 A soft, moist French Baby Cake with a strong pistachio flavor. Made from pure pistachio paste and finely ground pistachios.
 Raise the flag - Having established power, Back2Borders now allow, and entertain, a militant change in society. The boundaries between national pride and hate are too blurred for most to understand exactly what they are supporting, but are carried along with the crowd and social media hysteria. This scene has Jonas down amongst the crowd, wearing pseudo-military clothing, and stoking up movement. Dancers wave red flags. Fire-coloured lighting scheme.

--------------------------------------------------

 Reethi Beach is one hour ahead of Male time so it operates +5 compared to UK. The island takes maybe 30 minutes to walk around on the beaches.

--------------------------------------------------

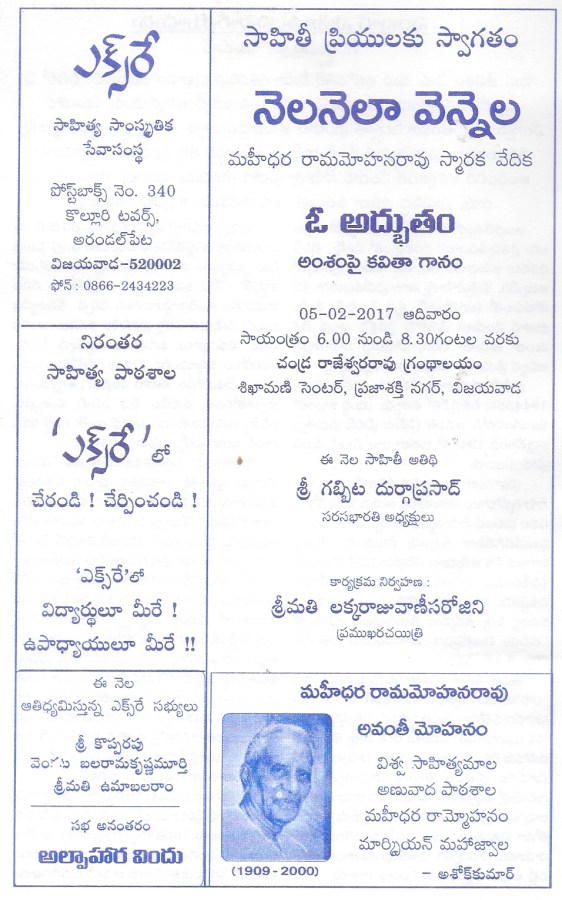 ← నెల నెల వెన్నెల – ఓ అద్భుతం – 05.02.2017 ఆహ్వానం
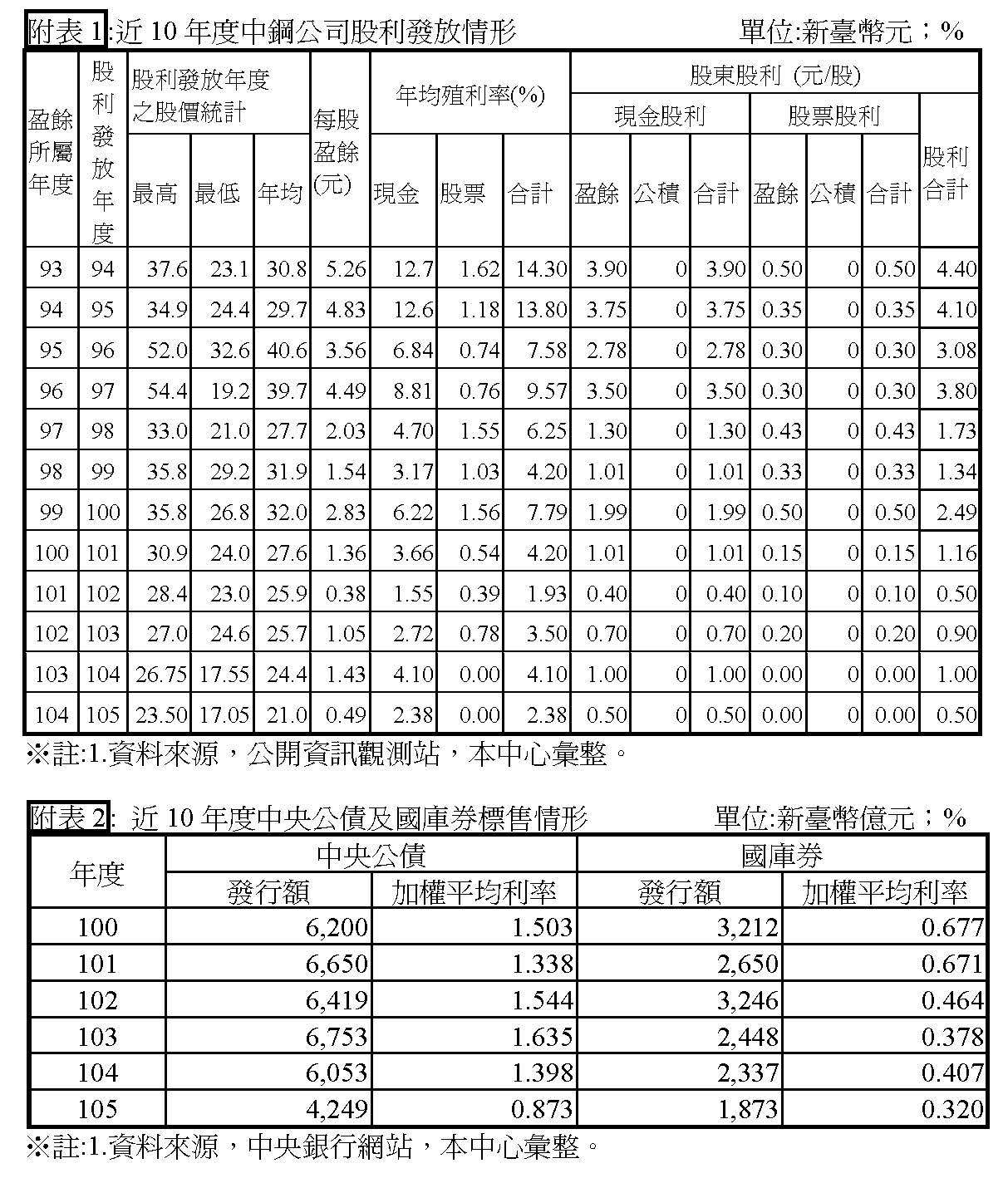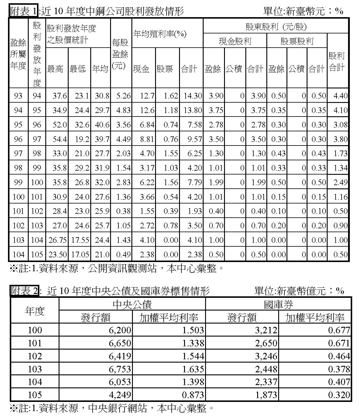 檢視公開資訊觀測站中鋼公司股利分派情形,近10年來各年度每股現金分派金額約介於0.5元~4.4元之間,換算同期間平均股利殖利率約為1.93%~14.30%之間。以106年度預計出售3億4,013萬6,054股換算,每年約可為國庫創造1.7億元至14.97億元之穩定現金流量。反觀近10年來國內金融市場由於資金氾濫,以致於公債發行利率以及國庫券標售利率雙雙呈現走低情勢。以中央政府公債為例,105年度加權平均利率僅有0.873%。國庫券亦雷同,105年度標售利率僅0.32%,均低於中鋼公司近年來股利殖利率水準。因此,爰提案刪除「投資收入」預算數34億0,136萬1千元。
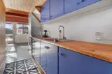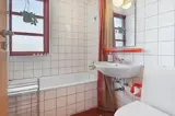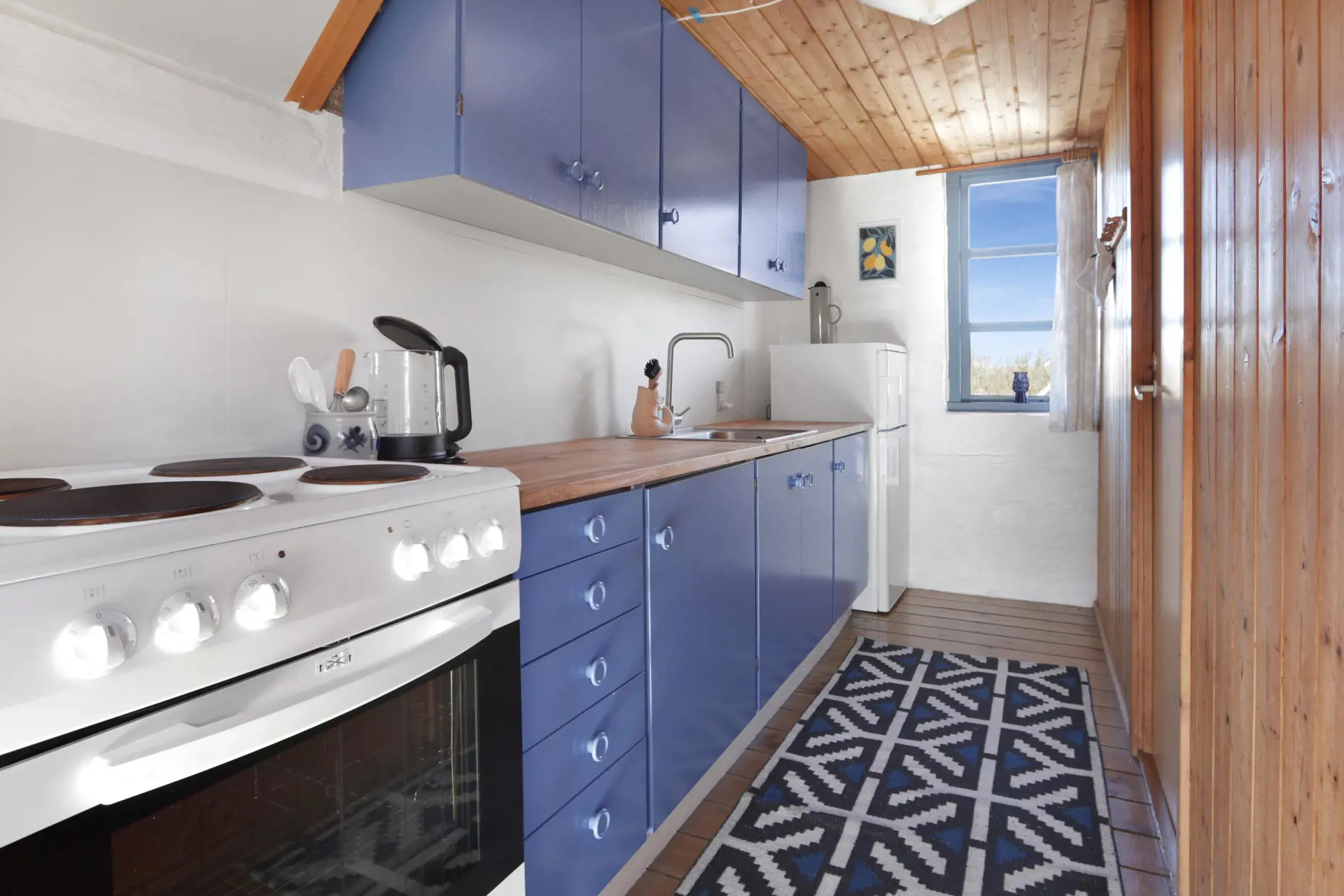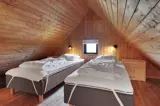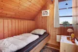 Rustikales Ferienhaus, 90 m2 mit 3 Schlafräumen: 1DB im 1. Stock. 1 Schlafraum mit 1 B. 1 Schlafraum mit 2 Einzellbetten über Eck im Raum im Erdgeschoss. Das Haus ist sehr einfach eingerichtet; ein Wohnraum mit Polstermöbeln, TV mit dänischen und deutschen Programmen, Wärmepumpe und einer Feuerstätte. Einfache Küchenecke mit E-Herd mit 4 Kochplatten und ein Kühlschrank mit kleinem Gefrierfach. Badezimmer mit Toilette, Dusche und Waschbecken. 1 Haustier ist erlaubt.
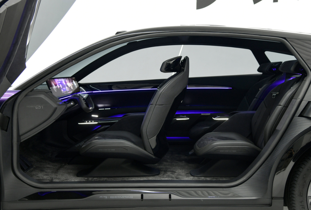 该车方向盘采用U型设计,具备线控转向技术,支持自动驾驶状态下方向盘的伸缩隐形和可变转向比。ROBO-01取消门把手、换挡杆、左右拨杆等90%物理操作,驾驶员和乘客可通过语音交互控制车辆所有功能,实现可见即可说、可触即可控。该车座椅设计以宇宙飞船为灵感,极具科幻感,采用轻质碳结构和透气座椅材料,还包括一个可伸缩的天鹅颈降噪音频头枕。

--------------------------------------------------

**Exercise requirements:**
In the records above, find the line with "檢視公開資訊觀測站中鋼公司股" and the line with "该车方向盘采用U型设计,具备"; please transcribe exactly those two lines and all lines between them, omitting any picture.

**Solution to this task:**
 檢視公開資訊觀測站中鋼公司股利分派情形,近10年來各年度每股現金分派金額約介於0.5元~4.4元之間,換算同期間平均股利殖利率約為1.93%~14.30%之間。以106年度預計出售3億4,013萬6,054股換算,每年約可為國庫創造1.7億元至14.97億元之穩定現金流量。反觀近10年來國內金融市場由於資金氾濫,以致於公債發行利率以及國庫券標售利率雙雙呈現走低情勢。以中央政府公債為例,105年度加權平均利率僅有0.873%。國庫券亦雷同,105年度標售利率僅0.32%,均低於中鋼公司近年來股利殖利率水準。因此,爰提案刪除「投資收入」預算數34億0,136萬1千元。
 Rustikales Ferienhaus, 90 m2 mit 3 Schlafräumen: 1DB im 1. Stock. 1 Schlafraum mit 1 B. 1 Schlafraum mit 2 Einzellbetten über Eck im Raum im Erdgeschoss. Das Haus ist sehr einfach eingerichtet; ein Wohnraum mit Polstermöbeln, TV mit dänischen und deutschen Programmen, Wärmepumpe und einer Feuerstätte. Einfache Küchenecke mit E-Herd mit 4 Kochplatten und ein Kühlschrank mit kleinem Gefrierfach. Badezimmer mit Toilette, Dusche und Waschbecken. 1 Haustier ist erlaubt.
 该车方向盘采用U型设计,具备线控转向技术,支持自动驾驶状态下方向盘的伸缩隐形和可变转向比。ROBO-01取消门把手、换挡杆、左右拨杆等90%物理操作,驾驶员和乘客可通过语音交互控制车辆所有功能,实现可见即可说、可触即可控。该车座椅设计以宇宙飞船为灵感,极具科幻感,采用轻质碳结构和透气座椅材料,还包括一个可伸缩的天鹅颈降噪音频头枕。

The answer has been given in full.